Stats#

This page provides C++ class references for the publicly-exposed elements of the cuvs/stats package.

Silhouette Score#

#include <cuvs/stats/silhouette_score.hpp>

namespace cuvs::stats

float silhouette_score(raft::resources const &handle, raft::device_matrix_view<const float, int64_t, raft::row_major> X_in, raft::device_vector_view<const int, int64_t> labels, std::optional<raft::device_vector_view<float, int64_t>> silhouette_score_per_sample, int64_t n_unique_labels, cuvs::distance::DistanceType metric = cuvs::distance::DistanceType::L2Unexpanded)#

main function that returns the average silhouette score for a given set of data and its clusterings

Parameters:
  • handle[in] raft handle for managing expensive resources

  • X_in[in] input matrix Data in row-major format (nRows x nCols)

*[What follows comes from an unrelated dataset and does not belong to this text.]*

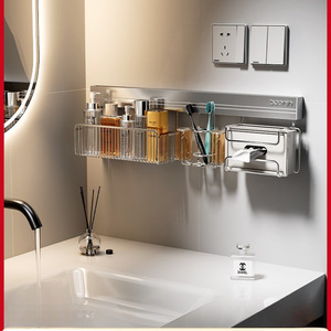 不锈钢浴室置物架卫生间墙上免打孔洗手池洗漱台吹风机牙刷壁挂篮

  • labels[in] the pointer to the array containing labels for every data sample (length: nRows)

  • silhouette_score_per_sample[out] optional array populated with the silhouette score for every sample (length: nRows)

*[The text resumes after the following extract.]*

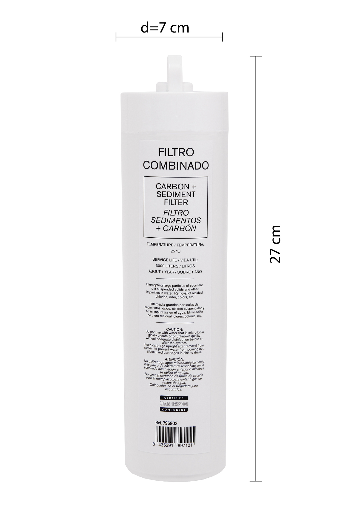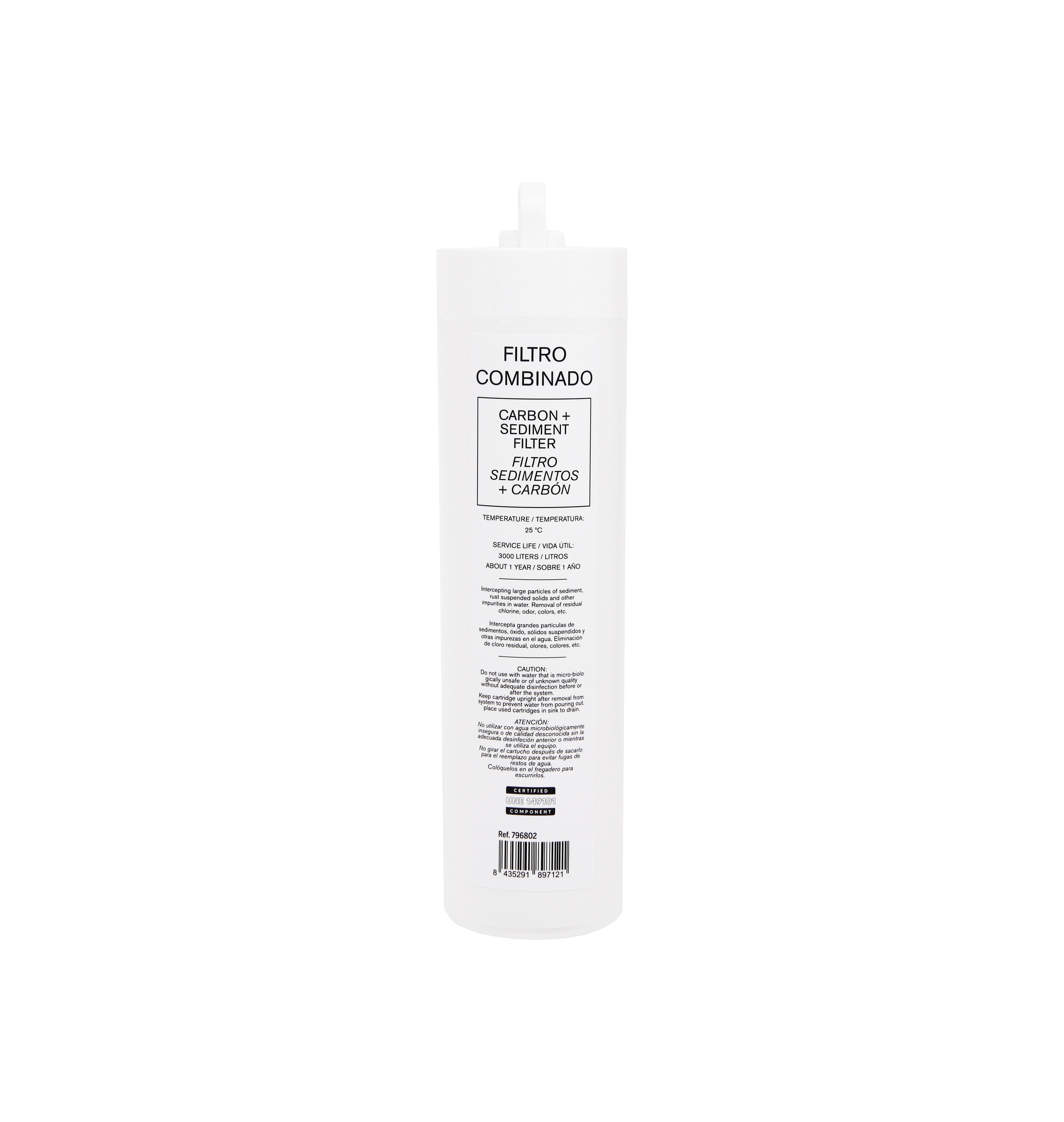 Universaalne kombineeritud kassett joogivee kvaliteedi parandamiseks, mis ühendab ühes korpuses mehaanilise filtreerimise ja aktiivsöe adsorptsiooni. Mehaaniline kiht püüab kinni liiva, rooste ja muud hõljuvad osakesed, aktiivsüsi vähendab jääkkloriini ning parandab maitse- ja lõhnaomadusi. Sobib igapäevaseks kasutamiseks köögis. Lihtsasti vahetatav kassett ERCANO süsteemidele PCF-tüüpi ühendusega.

  • n_unique_labels[in] number of unique labels in the labels array

  • metric[in] Distance metric to use. Euclidean (L2) is used by default

Returns:

: The silhouette score.

float silhouette_score_batched(raft::resources const &handle, raft::device_matrix_view<const float, int64_t, raft::row_major> X, raft::device_vector_view<const int, int64_t> labels, std::optional<raft::device_vector_view<float, int64_t>> silhouette_score_per_sample, int64_t n_unique_labels, int64_t batch_size, cuvs::distance::DistanceType metric = cuvs::distance::DistanceType::L2Unexpanded)#

function that returns the average silhouette score for a given set of data and its clusterings

Parameters:
  • handle[in] raft handle for managing expensive resources

  • X[in] input matrix Data in row-major format (nRows x nCols)

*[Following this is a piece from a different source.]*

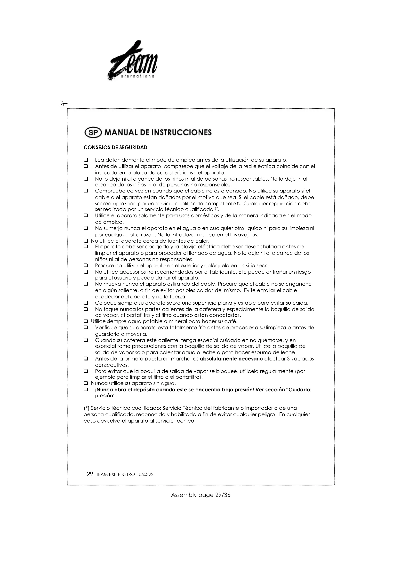 EXP 8 Retro - Maquina de cafe TEAM - Manual de uso y guía de instrucciones gratis

  • labels[in] the pointer to the array containing labels for every data sample (length: nRows)

  • silhouette_score_per_sample[out] optional array populated with the silhouette score for every sample (length: nRows)

  • n_unique_labels[in] number of unique labels in the labels array

  • batch_size[in] number of samples per batch

  • metric[in] the numerical value that maps to the type of distance metric to be used in the calculations

Returns:

: The silhouette score.

double silhouette_score(raft::resources const &handle, raft::device_matrix_view<const double, int64_t, raft::row_major> X_in, raft::device_vector_view<const int, int64_t> labels, std::optional<raft::device_vector_view<double, int64_t>> silhouette_score_per_sample, int64_t n_unique_labels, cuvs::distance::DistanceType metric = cuvs::distance::DistanceType::L2Unexpanded)#

main function that returns the average silhouette score for a given set of data and its clusterings

Parameters:
  • handle[in] raft handle for managing expensive resources

  • X_in[in] input matrix Data in row-major format (nRows x nCols)

  • labels[in] the pointer to the array containing labels for every data sample (length: nRows)

  • silhouette_score_per_sample[out] optional array populated with the silhouette score for every sample (length: nRows)

  • n_unique_labels[in] number of unique labels in the labels array

  • metric[in] the numerical value that maps to the type of distance metric to be used in the calculations

Returns:

: The silhouette score.

double silhouette_score_batched(raft::resources const &handle, raft::device_matrix_view<const double, int64_t, raft::row_major> X, raft::device_vector_view<const int, int64_t> labels, std::optional<raft::device_vector_view<double, int64_t>> silhouette_score_per_sample, int64_t n_unique_labels, int64_t batch_size, cuvs::distance::DistanceType metric = cuvs::distance::DistanceType::L2Unexpanded)#

function that returns the average silhouette score for a given set of data and its clusterings

Parameters:
  • handle[in] raft handle for managing expensive resources

  • X[in] input matrix Data in row-major format (nRows x nCols)

  • labels[in] the pointer to the array containing labels for every data sample (length: nRows)

  • silhouette_score_per_sample[out] optional array populated with the silhouette score for every sample (length: nRows)

  • n_unique_labels[in] number of unique labels in the labels array

  • batch_size[in] number of samples per batch

  • metric[in] the numerical value that maps to the type of distance metric to be used in the calculations

Returns:

: The silhouette score.

Trustworthiness Score#

#include <cuvs/stats/trustworthiness_score.hpp>

namespace cuvs::stats

double trustworthiness_score(raft::resources const &handle, raft::device_matrix_view<const float, int64_t, raft::row_major> X, raft::device_matrix_view<const float, int64_t, raft::row_major> X_embedded, int n_neighbors, cuvs::distance::DistanceType metric = cuvs::distance::DistanceType::L2SqrtUnexpanded, int batch_size = 512)#

Compute the trustworthiness score.

Note

The constness of the data in X_embedded is currently casted away and the data is slightly modified.

Parameters:
  • handle[in] the raft handle

  • X[in] Data in original dimension

  • X_embedded[in] Data in target dimension (embedding)

  • n_neighbors[in] Number of neighbors considered by trustworthiness score

  • metric[in] Distance metric to use. Euclidean (L2) is used by default

  • batch_size[in] Batch size

Returns:

Trustworthiness score